● **Records to process**
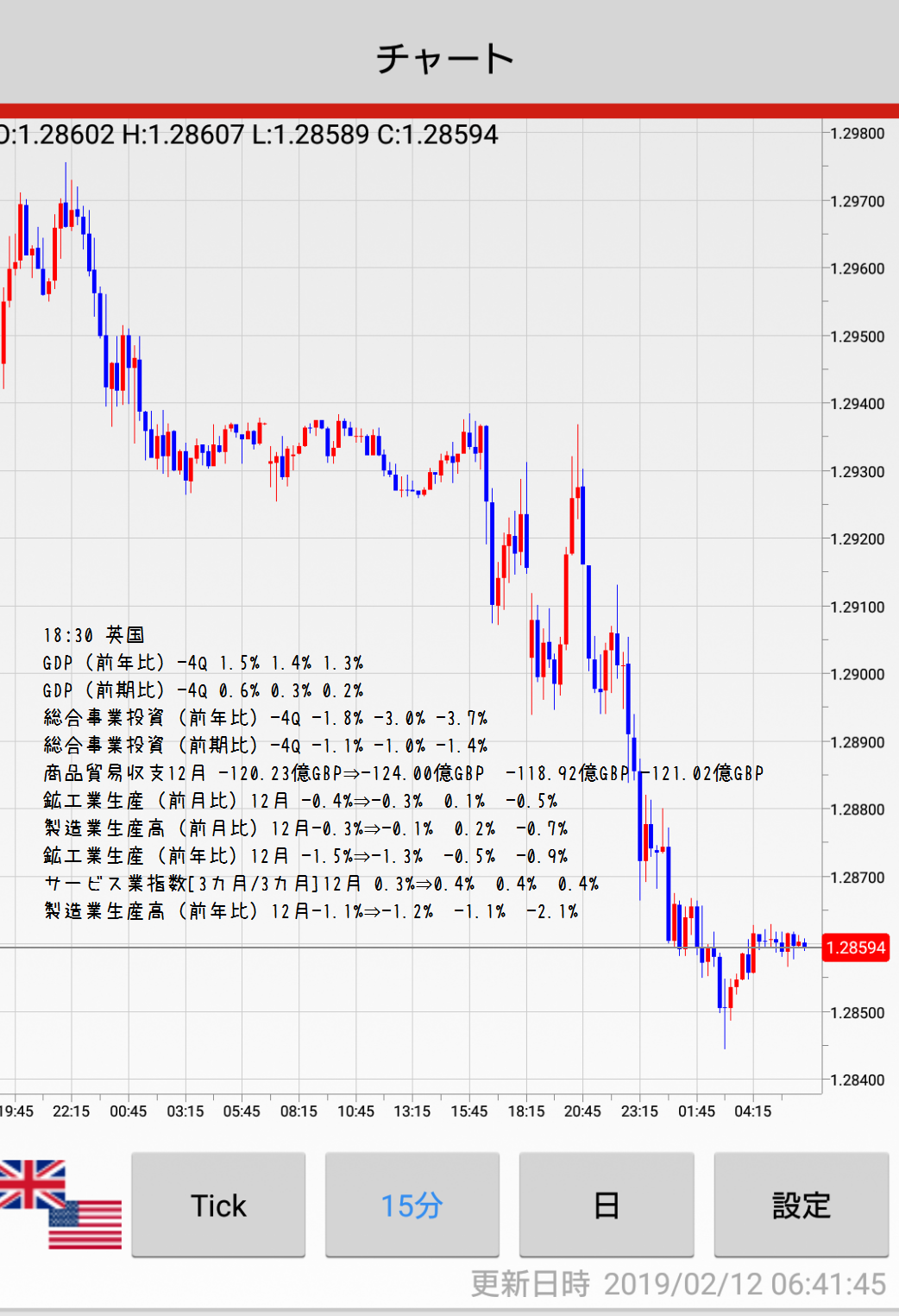 (月~金は15分チャート、一週間の振り返りの時は60分チャートです)
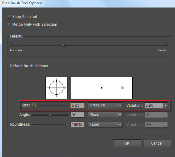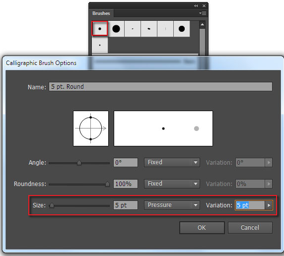 이 도구로 만든 윤곽선을 쉽게 편집 할 수 있으므로 페인트 브러시 도구를 사용하는 것이 좋습니다. 도구를 조정하려면 브러쉬 패널 ( 창> 브러쉬 )을 열고 둥근 붓글씨 브러쉬의 축소판을 두 번 클릭하십시오. 열린 대화 상자에서 브러시 크기 압력 옵션을 선택하고 크기 및 변형 값을 설정하십시오.
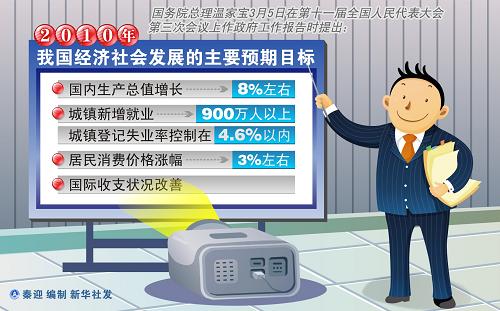 新华网北京3月5日电 中国国务院总理温家宝5日在十一届全国人大三次会议上所作的政府工作报告中,提出了2010年中国经济的10个关键数据:
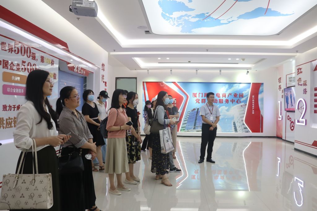 党员教师们首先参观了象屿文化空间,在解说员的带领下,全面地了解了象屿集团的发展历史、投资领域、经营成果、党组织建设等情况,以及企业发展历程、多元化经营版图、企业价值文化等,其中特别参观学习了象屿集团特色党建工作模式,并就党建工作开展了交流座谈会。象屿集团将经营管理、团队建设、文化传播等工作作为党组织工作的突破口,打造“一强四联”党建品牌,发挥象屿国企党建优势和资源优势,通过跨境电商产业园的资源联动与入驻企业紧密联系在一起,组织联建、事务联商、资源联享、活动联办,实现“党建促经营、企业共发展”。
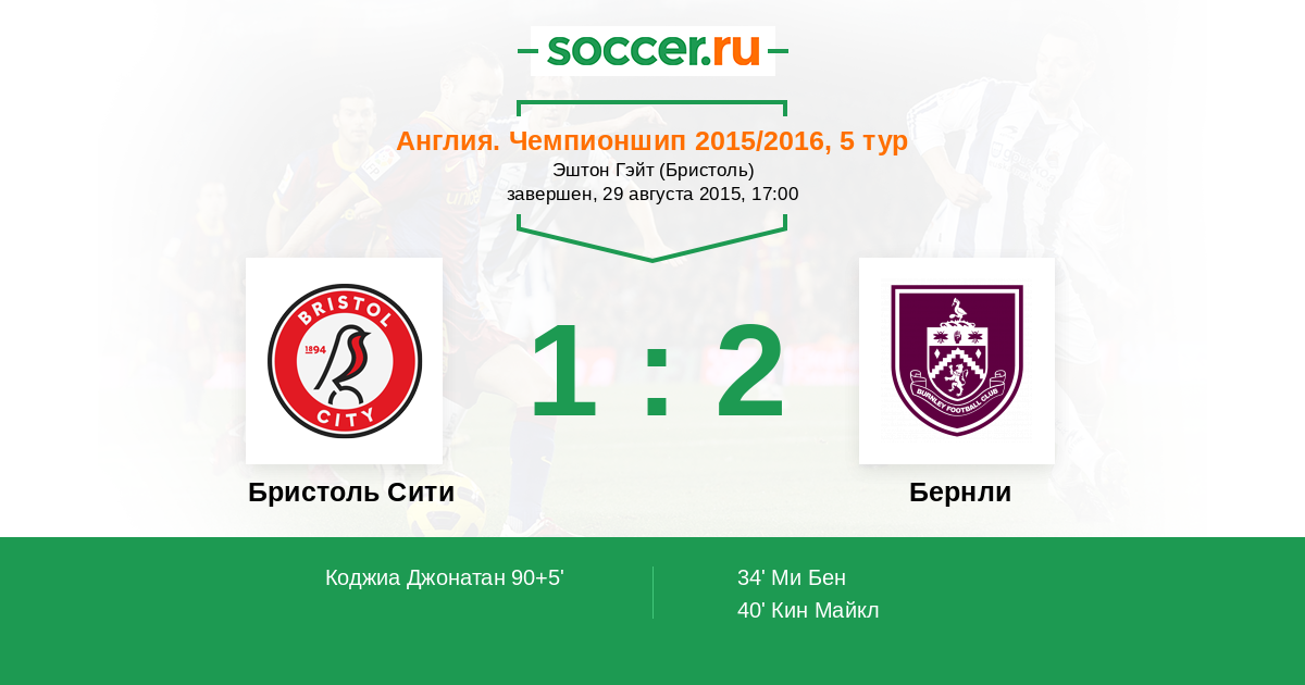 Протокол матча Бристоль Сити против Бернли
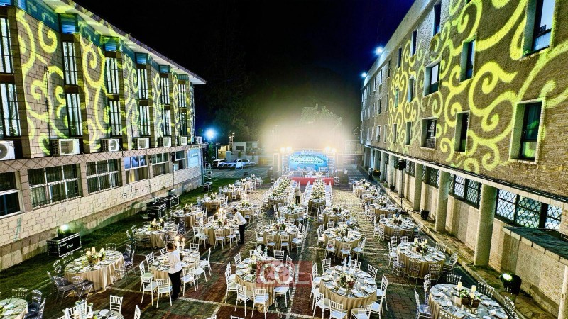 אחד מחדרי הכיתות הלימוד בישיבה הוסב עם שולחנות ערוכים למקום מיוחד עבור נשים המשתתפות באירוע.
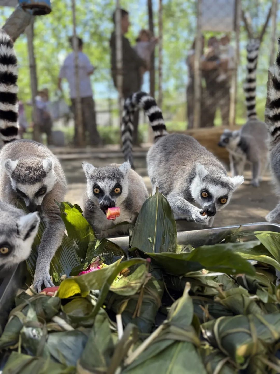 ? ? 值得一提的是,此次活動特別設(shè)置“給動物包粽子”互動環(huán)節(jié),園區(qū)飼養(yǎng)員依據(jù)不同動物的食性特點(diǎn),精選新鮮營養(yǎng)食材,在黑熊池區(qū)域搭建專屬體驗(yàn)區(qū)。游客不僅能親手為小動物們包專屬粽子,還能通過食材搭配探秘動物食性偏好。在投喂小動物們的同時也能觀察到小動物覓食的行為特點(diǎn)。
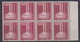 10 Pfg. Industrie und Technik im postfrischen Zehnerblock, ferner 130 Pfg. im Achterblock, vier bzw. zwei Marken je mit schwächerem Farbdruck durch Zylinder-Reinigung
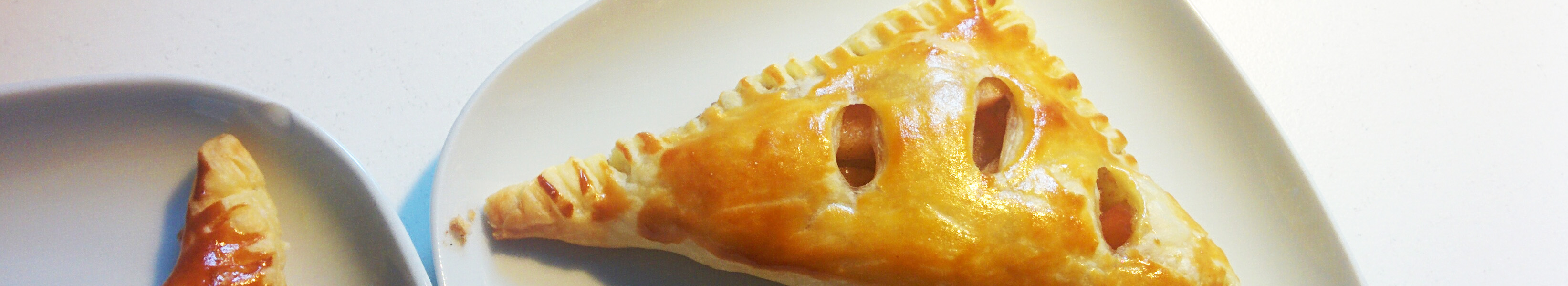 Blätterteig ausrollen und längs halbieren, quer dritteln. Im linken oberen Dreieck der resultierenden Quadrate einige Einschnitte machen. Die Füllung aus dem vorherigen Schritt auf die andere Hälfte der Quadrate geben.
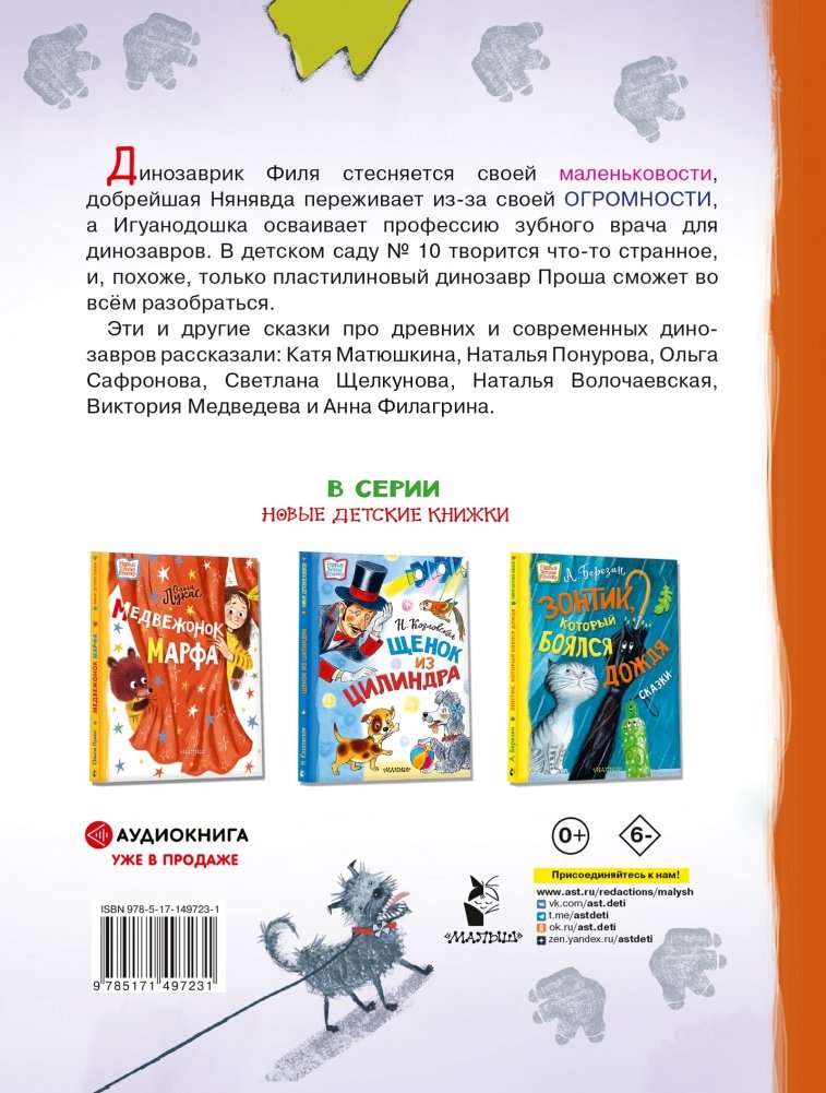 Эти и другие сказки про древних и современных динозавров рассказали: Катя Матюшкина, Наталья Понурова, Ольга Сафронова, Светлана Щелкунова, Наталья Волочаевская, Виктория Медведева и Анна Филагрина.
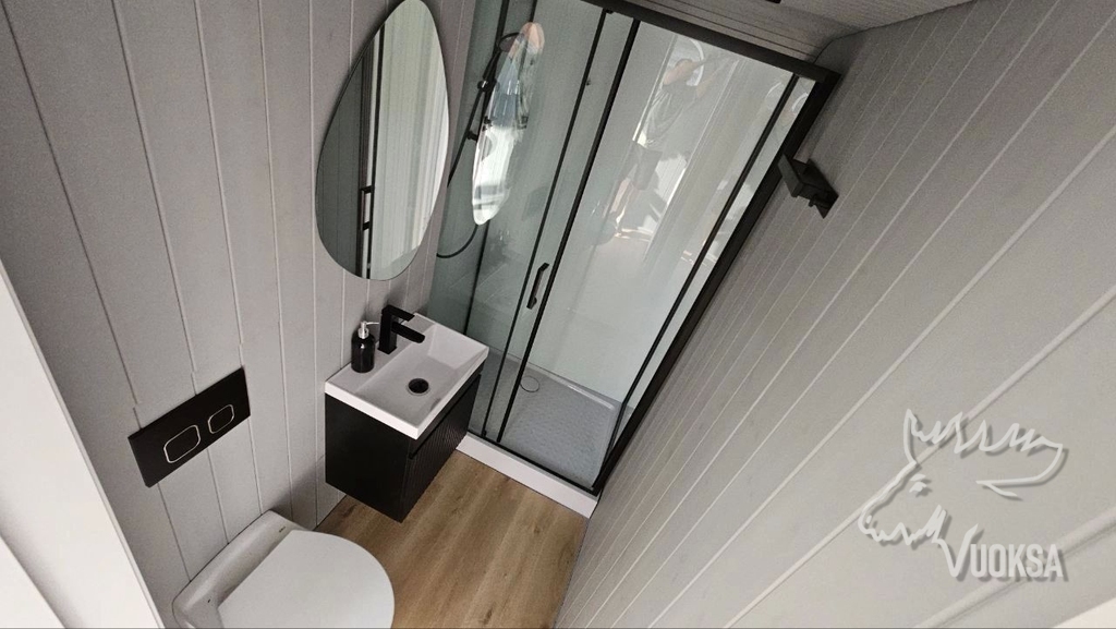 Душевая кабина, инсталляция с унитазом, раковина, зеркало
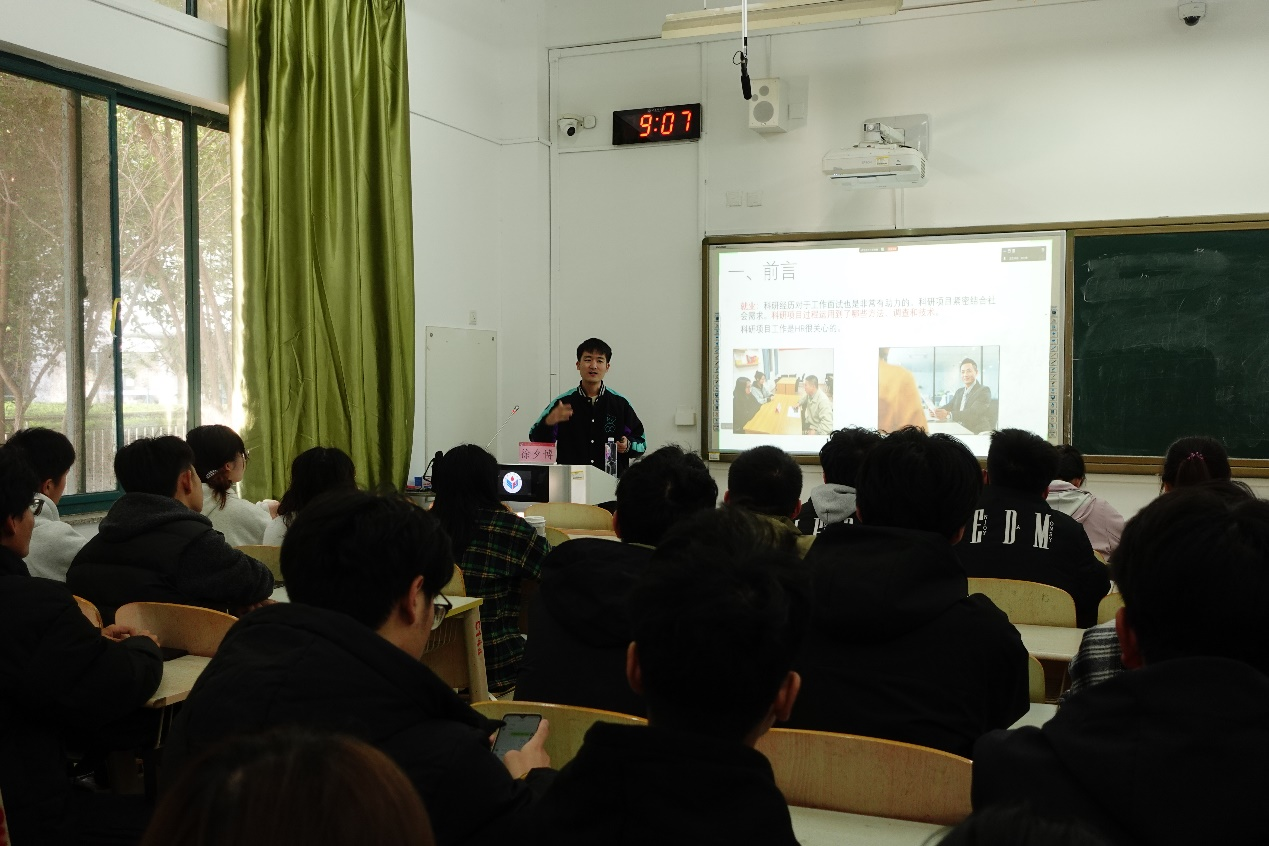 讲座伊始,徐夕博老师便立足学生学业发展核心需求,从就业面试与读研深造两大关键维度,系统阐释了科研能力培养的重要性。他强调,科研经历不仅是学术深造的核心竞争力,更是职场面试中展现综合素养的重要支撑,鼓励同学们主动参与科研实践,积极学习项目中的调研方法、数据处理与技术应用技巧。

● **Exercise directions**
Go to the line above holding "10 Pfg. Industrie", then copy exactly each line down to and including the one holding "Душевая кабина, инсталляция", leaving pictures out.

● **Answer space**
 10 Pfg. Industrie und Technik im postfrischen Zehnerblock, ferner 130 Pfg. im Achterblock, vier bzw. zwei Marken je mit schwächerem Farbdruck durch Zylinder-Reinigung
 Blätterteig ausrollen und längs halbieren, quer dritteln. Im linken oberen Dreieck der resultierenden Quadrate einige Einschnitte machen. Die Füllung aus dem vorherigen Schritt auf die andere Hälfte der Quadrate geben.
 Эти и другие сказки про древних и современных динозавров рассказали: Катя Матюшкина, Наталья Понурова, Ольга Сафронова, Светлана Щелкунова, Наталья Волочаевская, Виктория Медведева и Анна Филагрина.
 Душевая кабина, инсталляция с унитазом, раковина, зеркало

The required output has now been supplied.